Существует немало версий, весьма подробных, как именно Вольтер обнаружил измену. Поверим его секретарю Лоншану. Однажды Вольтер непреднамеренно и неожиданно для него самого застал пару в комнате, предназначенной для занятий маркизы дю Шатле науками и философией. То, чем занималась она с Сен-Ламбером, нимало не напоминало ни наук, ни философии.

Взбешенный от ревности и обманутого доверия — соперника он считал другом, Вольтер обрушил на Сен-Ламбера тираду как нельзя более оскорбительную, чтобы не назвать ее ужасной бранью. Маркиз был тоже не из тех, кто кротко принимает от кого-либо оскорбления.

Вольтер в ответ на то, что услышал от де Сен-Ламбера, спросил, согласен ли тот дать ему удовлетворение. Ответ нам не известен. Остается лишь предположить, что маркиз примеру кавалера де Роана не последовал, от дуэли не отказался.

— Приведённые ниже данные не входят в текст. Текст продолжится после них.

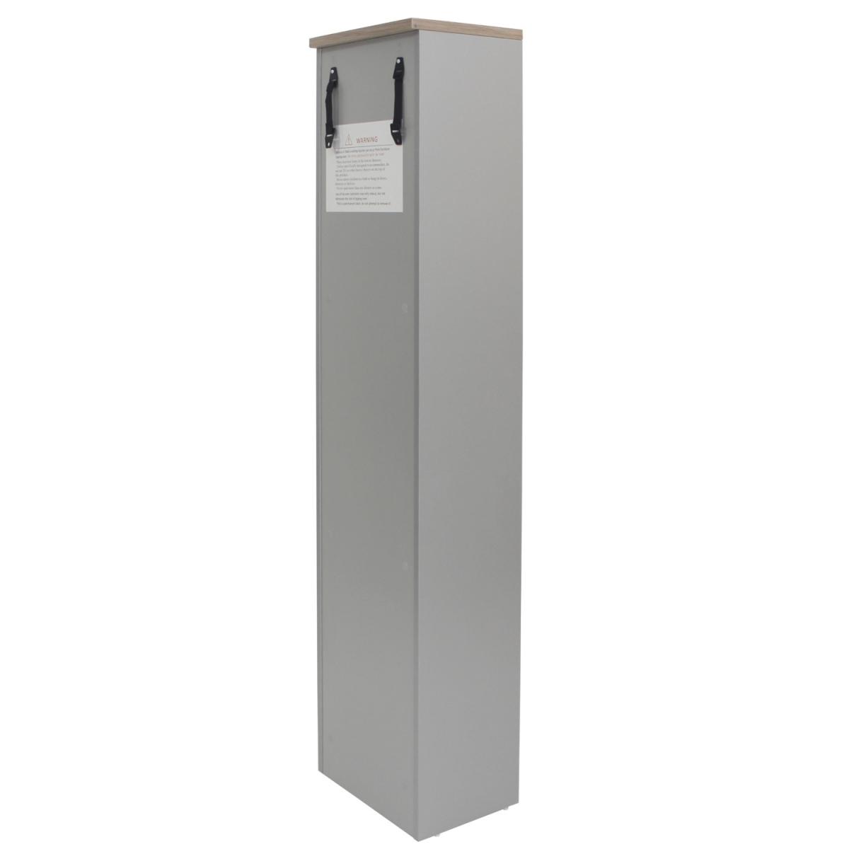 The tall, narrow bookcase in light grey is a practical choice for adding vertical storage without overwhelming a space. I love its sleek, minimalist design, which makes it versatile enough to work well in both modern and contemporary interiors. It's ideal for small rooms or tight corners, providing ample room for books, files, or decorative objects while maintaining a clean look. For styling, consider grouping items by colour or shape to create visual interest, and use baskets or boxes on the lower shelves for added organisation. Pairing it with other monochromatic or neutral-toned furniture can help keep the space feeling open and airy.

Пока же все трое должны были немедленно уехать. Вольтер приказал Лоншану распорядиться, чтобы немедленно заложили его карету. Но тот достаточно привык к вспышкам своего патрона и, прежде чем исполнить распоряжение, пошел посоветоваться с маркизой дю Шатле. Совет был таков: сказать, что карета не в порядке.

Вольтер, в ожидании отъезда и, разумеется, от горя и обиды немедленно заболев, лежал в постели у себя в спальне. Сперва Лоншан доложил о неисправности экипажа. Затем в комнату вошла Эмилия. Она говорила долго и много, сначала по-английски, потом по-французски. Поначалу Вольтер был непреклонен. Самым сильным аргументом было, что он все видел сам, какие же теперь возможны объяснения?! Это же, вероятно, больше всего его и оскорбляло: хоть бы сумели скрыть!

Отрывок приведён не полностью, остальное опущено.